*Action item*
Print the data below again in full, exactly as it stands, with no images.

*Stored entries*
==================================================
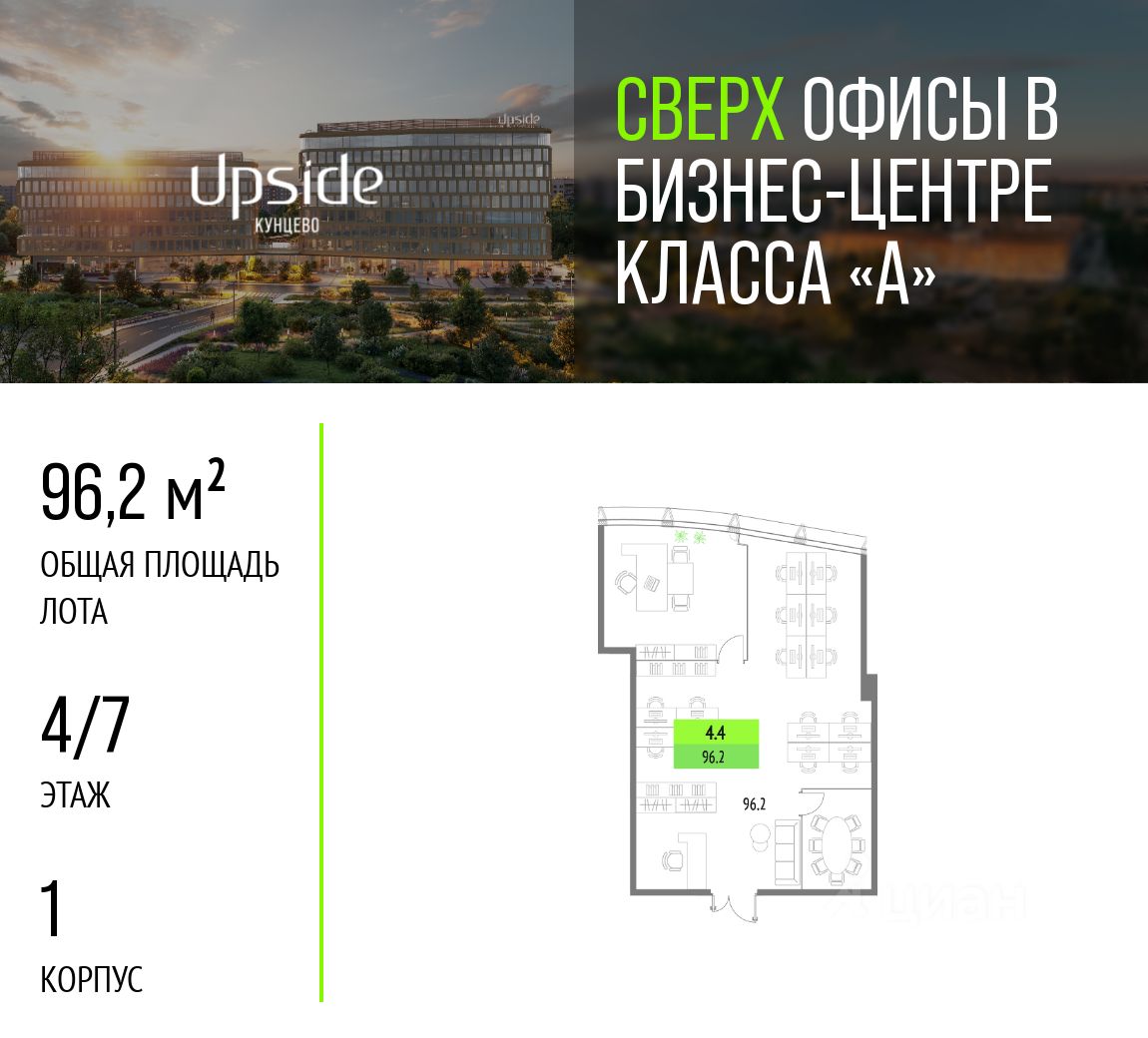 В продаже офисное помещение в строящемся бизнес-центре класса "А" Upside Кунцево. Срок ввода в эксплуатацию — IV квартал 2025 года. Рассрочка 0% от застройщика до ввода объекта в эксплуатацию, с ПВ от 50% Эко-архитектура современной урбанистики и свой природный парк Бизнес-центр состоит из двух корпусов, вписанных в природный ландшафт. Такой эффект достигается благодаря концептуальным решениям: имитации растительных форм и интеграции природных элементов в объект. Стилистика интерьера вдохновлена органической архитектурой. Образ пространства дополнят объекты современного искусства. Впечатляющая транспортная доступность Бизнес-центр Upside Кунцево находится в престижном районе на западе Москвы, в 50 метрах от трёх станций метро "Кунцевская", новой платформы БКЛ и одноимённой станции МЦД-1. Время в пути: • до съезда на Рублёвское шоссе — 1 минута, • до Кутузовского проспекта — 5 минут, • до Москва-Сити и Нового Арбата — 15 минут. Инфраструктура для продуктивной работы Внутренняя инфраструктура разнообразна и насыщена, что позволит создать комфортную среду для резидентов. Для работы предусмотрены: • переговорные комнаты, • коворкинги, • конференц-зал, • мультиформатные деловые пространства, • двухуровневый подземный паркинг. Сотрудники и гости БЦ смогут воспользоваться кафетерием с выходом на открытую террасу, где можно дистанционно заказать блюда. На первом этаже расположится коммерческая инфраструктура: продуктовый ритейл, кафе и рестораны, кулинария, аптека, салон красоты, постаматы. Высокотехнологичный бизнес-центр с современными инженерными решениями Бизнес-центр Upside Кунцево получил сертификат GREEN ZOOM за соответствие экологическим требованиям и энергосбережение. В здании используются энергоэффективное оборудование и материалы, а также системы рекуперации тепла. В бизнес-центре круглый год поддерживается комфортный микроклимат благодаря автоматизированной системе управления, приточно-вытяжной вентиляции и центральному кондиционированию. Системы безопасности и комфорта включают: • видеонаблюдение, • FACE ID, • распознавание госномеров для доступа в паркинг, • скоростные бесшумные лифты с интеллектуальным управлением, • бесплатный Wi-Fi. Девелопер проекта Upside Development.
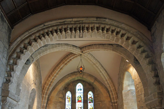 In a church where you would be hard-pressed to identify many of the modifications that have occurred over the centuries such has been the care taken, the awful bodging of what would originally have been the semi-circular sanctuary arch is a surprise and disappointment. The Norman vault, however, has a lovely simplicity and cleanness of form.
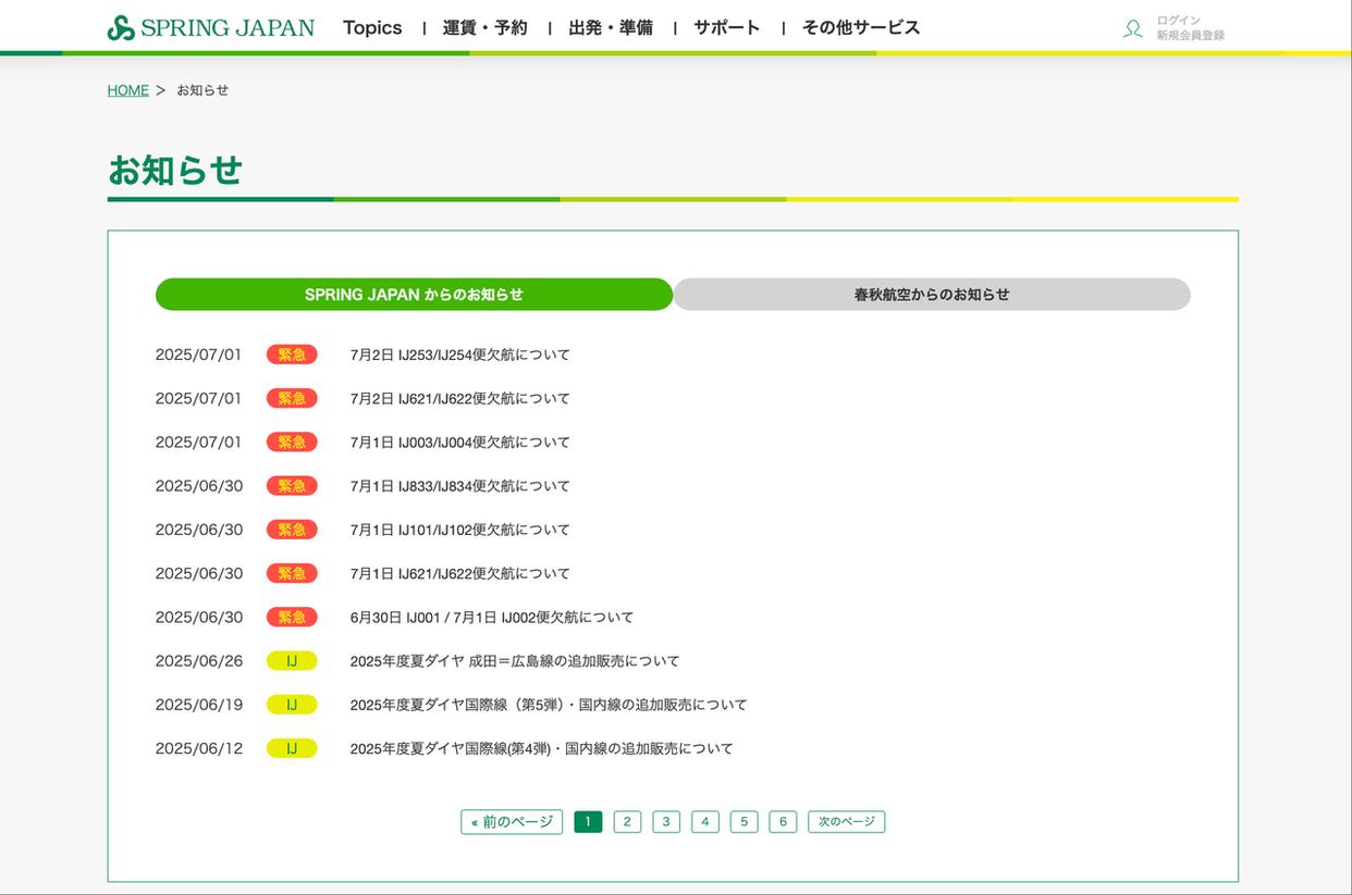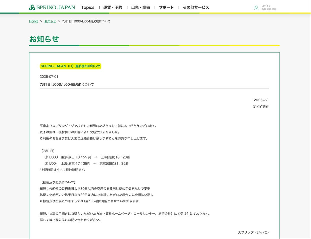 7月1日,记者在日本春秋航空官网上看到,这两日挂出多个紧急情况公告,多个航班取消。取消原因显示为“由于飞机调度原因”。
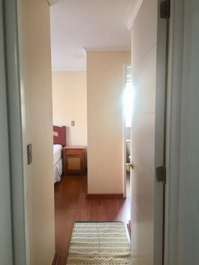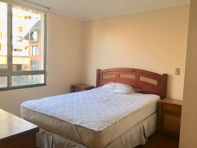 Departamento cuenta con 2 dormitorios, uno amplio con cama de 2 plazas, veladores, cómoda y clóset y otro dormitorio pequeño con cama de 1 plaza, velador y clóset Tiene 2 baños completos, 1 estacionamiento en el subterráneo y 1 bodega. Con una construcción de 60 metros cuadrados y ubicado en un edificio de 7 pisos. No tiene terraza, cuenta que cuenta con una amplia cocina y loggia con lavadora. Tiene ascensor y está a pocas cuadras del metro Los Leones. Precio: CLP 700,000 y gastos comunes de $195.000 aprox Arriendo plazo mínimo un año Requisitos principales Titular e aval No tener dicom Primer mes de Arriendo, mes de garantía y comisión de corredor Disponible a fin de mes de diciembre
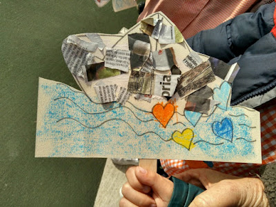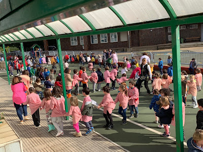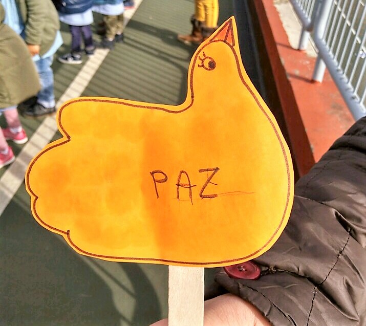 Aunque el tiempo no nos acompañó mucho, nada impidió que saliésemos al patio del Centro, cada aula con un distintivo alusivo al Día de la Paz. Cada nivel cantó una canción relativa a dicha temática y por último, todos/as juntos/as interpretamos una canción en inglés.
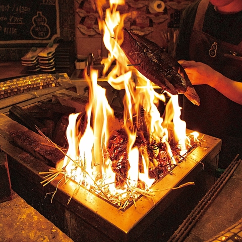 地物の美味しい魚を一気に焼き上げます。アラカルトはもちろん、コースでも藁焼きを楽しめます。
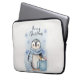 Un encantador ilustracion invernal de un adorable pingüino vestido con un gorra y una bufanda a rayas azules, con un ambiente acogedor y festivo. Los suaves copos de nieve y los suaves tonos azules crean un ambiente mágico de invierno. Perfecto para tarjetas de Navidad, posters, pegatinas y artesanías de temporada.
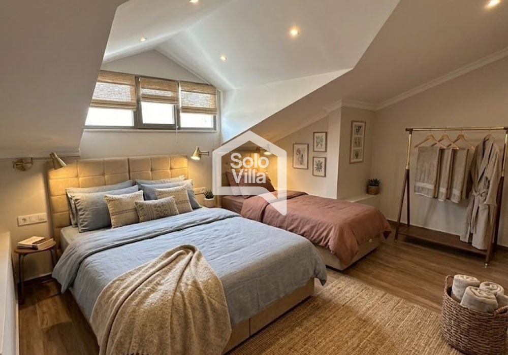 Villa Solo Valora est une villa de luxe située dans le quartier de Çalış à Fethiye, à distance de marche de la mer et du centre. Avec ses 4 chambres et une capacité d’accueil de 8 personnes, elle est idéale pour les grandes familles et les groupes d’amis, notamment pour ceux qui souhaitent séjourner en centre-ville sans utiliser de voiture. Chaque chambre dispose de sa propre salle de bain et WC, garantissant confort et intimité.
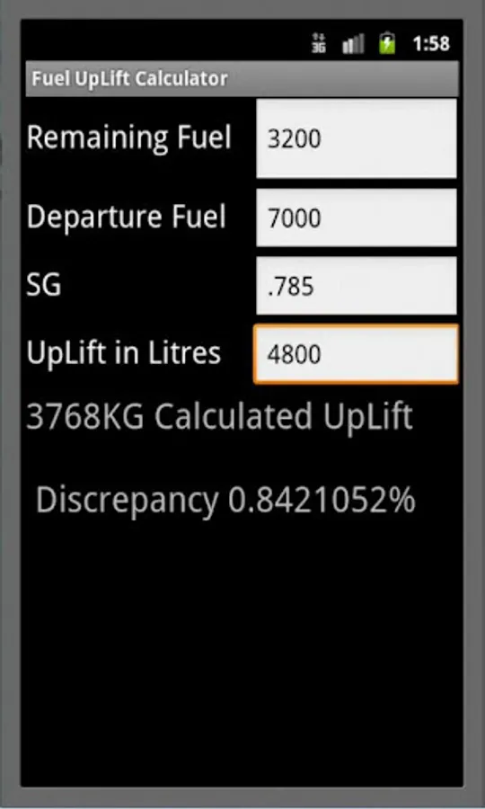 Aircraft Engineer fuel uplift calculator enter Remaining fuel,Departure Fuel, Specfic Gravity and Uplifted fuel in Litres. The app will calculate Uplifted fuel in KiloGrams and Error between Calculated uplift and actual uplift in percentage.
==================================================
*Solution*
 В продаже офисное помещение в строящемся бизнес-центре класса "А" Upside Кунцево. Срок ввода в эксплуатацию — IV квартал 2025 года. Рассрочка 0% от застройщика до ввода объекта в эксплуатацию, с ПВ от 50% Эко-архитектура современной урбанистики и свой природный парк Бизнес-центр состоит из двух корпусов, вписанных в природный ландшафт. Такой эффект достигается благодаря концептуальным решениям: имитации растительных форм и интеграции природных элементов в объект. Стилистика интерьера вдохновлена органической архитектурой. Образ пространства дополнят объекты современного искусства. Впечатляющая транспортная доступность Бизнес-центр Upside Кунцево находится в престижном районе на западе Москвы, в 50 метрах от трёх станций метро "Кунцевская", новой платформы БКЛ и одноимённой станции МЦД-1. Время в пути: • до съезда на Рублёвское шоссе — 1 минута, • до Кутузовского проспекта — 5 минут, • до Москва-Сити и Нового Арбата — 15 минут. Инфраструктура для продуктивной работы Внутренняя инфраструктура разнообразна и насыщена, что позволит создать комфортную среду для резидентов. Для работы предусмотрены: • переговорные комнаты, • коворкинги, • конференц-зал, • мультиформатные деловые пространства, • двухуровневый подземный паркинг. Сотрудники и гости БЦ смогут воспользоваться кафетерием с выходом на открытую террасу, где можно дистанционно заказать блюда. На первом этаже расположится коммерческая инфраструктура: продуктовый ритейл, кафе и рестораны, кулинария, аптека, салон красоты, постаматы. Высокотехнологичный бизнес-центр с современными инженерными решениями Бизнес-центр Upside Кунцево получил сертификат GREEN ZOOM за соответствие экологическим требованиям и энергосбережение. В здании используются энергоэффективное оборудование и материалы, а также системы рекуперации тепла. В бизнес-центре круглый год поддерживается комфортный микроклимат благодаря автоматизированной системе управления, приточно-вытяжной вентиляции и центральному кондиционированию. Системы безопасности и комфорта включают: • видеонаблюдение, • FACE ID, • распознавание госномеров для доступа в паркинг, • скоростные бесшумные лифты с интеллектуальным управлением, • бесплатный Wi-Fi. Девелопер проекта Upside Development.
 In a church where you would be hard-pressed to identify many of the modifications that have occurred over the centuries such has been the care taken, the awful bodging of what would originally have been the semi-circular sanctuary arch is a surprise and disappointment. The Norman vault, however, has a lovely simplicity and cleanness of form.
 7月1日,记者在日本春秋航空官网上看到,这两日挂出多个紧急情况公告,多个航班取消。取消原因显示为“由于飞机调度原因”。
 Departamento cuenta con 2 dormitorios, uno amplio con cama de 2 plazas, veladores, cómoda y clóset y otro dormitorio pequeño con cama de 1 plaza, velador y clóset Tiene 2 baños completos, 1 estacionamiento en el subterráneo y 1 bodega. Con una construcción de 60 metros cuadrados y ubicado en un edificio de 7 pisos. No tiene terraza, cuenta que cuenta con una amplia cocina y loggia con lavadora. Tiene ascensor y está a pocas cuadras del metro Los Leones. Precio: CLP 700,000 y gastos comunes de $195.000 aprox Arriendo plazo mínimo un año Requisitos principales Titular e aval No tener dicom Primer mes de Arriendo, mes de garantía y comisión de corredor Disponible a fin de mes de diciembre
 Aunque el tiempo no nos acompañó mucho, nada impidió que saliésemos al patio del Centro, cada aula con un distintivo alusivo al Día de la Paz. Cada nivel cantó una canción relativa a dicha temática y por último, todos/as juntos/as interpretamos una canción en inglés.
 地物の美味しい魚を一気に焼き上げます。アラカルトはもちろん、コースでも藁焼きを楽しめます。
 Un encantador ilustracion invernal de un adorable pingüino vestido con un gorra y una bufanda a rayas azules, con un ambiente acogedor y festivo. Los suaves copos de nieve y los suaves tonos azules crean un ambiente mágico de invierno. Perfecto para tarjetas de Navidad, posters, pegatinas y artesanías de temporada.
 Villa Solo Valora est une villa de luxe située dans le quartier de Çalış à Fethiye, à distance de marche de la mer et du centre. Avec ses 4 chambres et une capacité d’accueil de 8 personnes, elle est idéale pour les grandes familles et les groupes d’amis, notamment pour ceux qui souhaitent séjourner en centre-ville sans utiliser de voiture. Chaque chambre dispose de sa propre salle de bain et WC, garantissant confort et intimité.
 Aircraft Engineer fuel uplift calculator enter Remaining fuel,Departure Fuel, Specfic Gravity and Uplifted fuel in Litres. The app will calculate Uplifted fuel in KiloGrams and Error between Calculated uplift and actual uplift in percentage.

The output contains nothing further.